После третьей разговор ни о чём прервал Петрович: — Ну и как ты уже, Миша, влюбился в Машу?
— В смысле?
— А чо ты краснеешь-то? В прямом смысле.
— Петрович, ну…
— Неча нукать, коли не запрягал. Давай по-простому, без этих вот всех экивоков, а то у тебя водки не хватит. Нравится тебе Маша?
— Да.
— Ну, конечно, она тебе нравится! Девка — огонь же! Красивая, умная, воспитанная, хозяйственная: лет пять отмотать бы назад, так я и сам бы на ней женился! А ты чего ждёшь? Пока уведёт кто? А кто-нибудь обязательно уведёт! Помянёшь моё слово потом, помянёшь! Чего ты молчишь? Вот чего?
— Не знаю, Петрович, как это… устроить и как она… отреагирует…
— Дык не спросишь, не узнаешь, логично же? Ссышь?
— Ссу.
— Давай тогда я тебя посватаю?
— Нет, Петрович, не надо. Я сам… разберусь как-нибудь.
— А не надо как-нибудь, Михуил! Надо в яблочко чтоб! Думай, давай, быстрее, уедешь потом на сколько?
— На год почти.
— Ну и всё, считай — столько она в девках не проходит! Наливай и думай. Пока её нет, давай план составим и будем действовать.
— Да я уж составил.
— Кого?
— План.
— Ну и?
— Ну и буксует всё. В теории гладко было, а так не очень выходит. Обидеть её боюсь и перед Славкой неудобно.

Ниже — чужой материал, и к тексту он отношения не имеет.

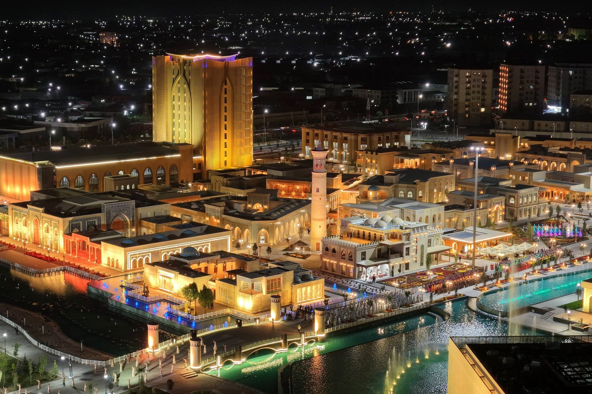 В комплексе, занимающем 35 гектаров, завершено строительство гостиницы, караван-сарая, зданий торговли и обслуживания, центра ремесленников, национального базара и музея.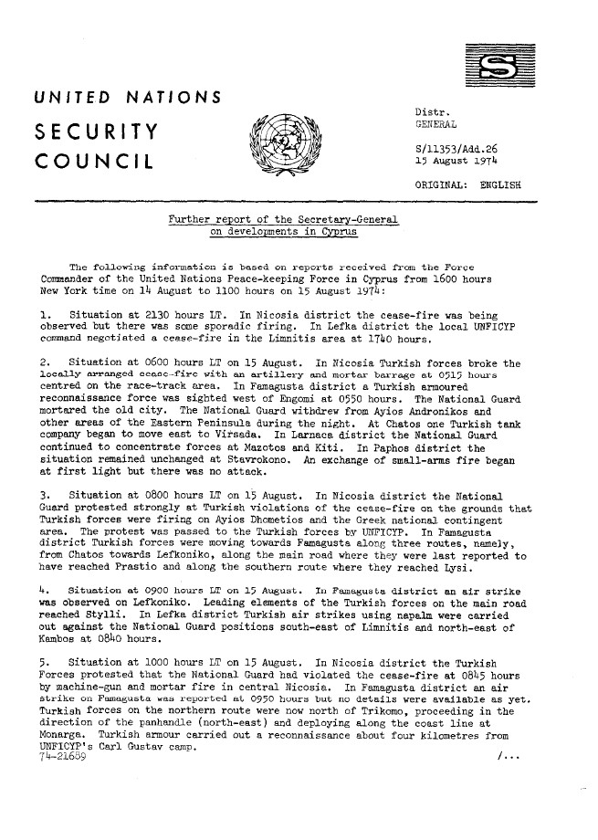 | Yayın Adı | Further report of the Secretary-General on developments in Cyprus |

— Ага. Слушай, косолапый, у меня в войну двух братьев убили, отца и всех моих друзей. Всех, понимаешь? Ваську под Минском в самом начале, Геника под Москвой, Петруху, когда Прагу освобождали, а Кольку и Ваню в концлагерях замучили. Вот приезжаю я с войны, а дома мать одна и на всю деревню — три мужика и один из них — одноногий, вот как мне жить было? Удобно?
— Ну нашёл ты чем мерить!
— А чем мерить, Миша, чем? Покажи мне ту мерку, которой, по-твоему мерить надо. Молчишь? Ну умер Слава, умер, так что теперь и вам жить перестать? Ну так ложитесь да помирайте! Егорку жалко только или нет? Не жалко?
— Да ну тебя.
— Да ну меня, конечно, я же во всём виноват. Давай, по последней и по койкам. Вот только как ты спать спокойно можешь, — не понимаю.
* * *
На второй день после Машиной операции в Ленинград пришло, наконец, нормальное ленинградское лето, а не это возмутительное и пошлое нечто с солнцем и теплом, когда каждый день коренной житель вынужден с недоумением смотреть в окно и думать, что же ему сегодня надеть и для чего он тогда по блату приобретал югославский плащ к лету? Небо затянуло от сих до сих и заморосило, то сильнее, то совсем мелкой взвесью, как туманом. Шпили, купола, трамваи и троллейбусы из радостных и сверкающих, стали обычными, тусклыми, блеклыми и по-ленинградски интеллигентными. Заметно похолодало, и горожане, успокоившись, наконец перестали смотреть в окна по утрам, облачились в пиджаки, куртки, плащи и облегчённо вздохнули, почувствовав себя в своей тарелке. Мороженщицы на улицах поддели под белые халаты и нарукавники пальто и опять стали привычно-бесформенными, своими, родными.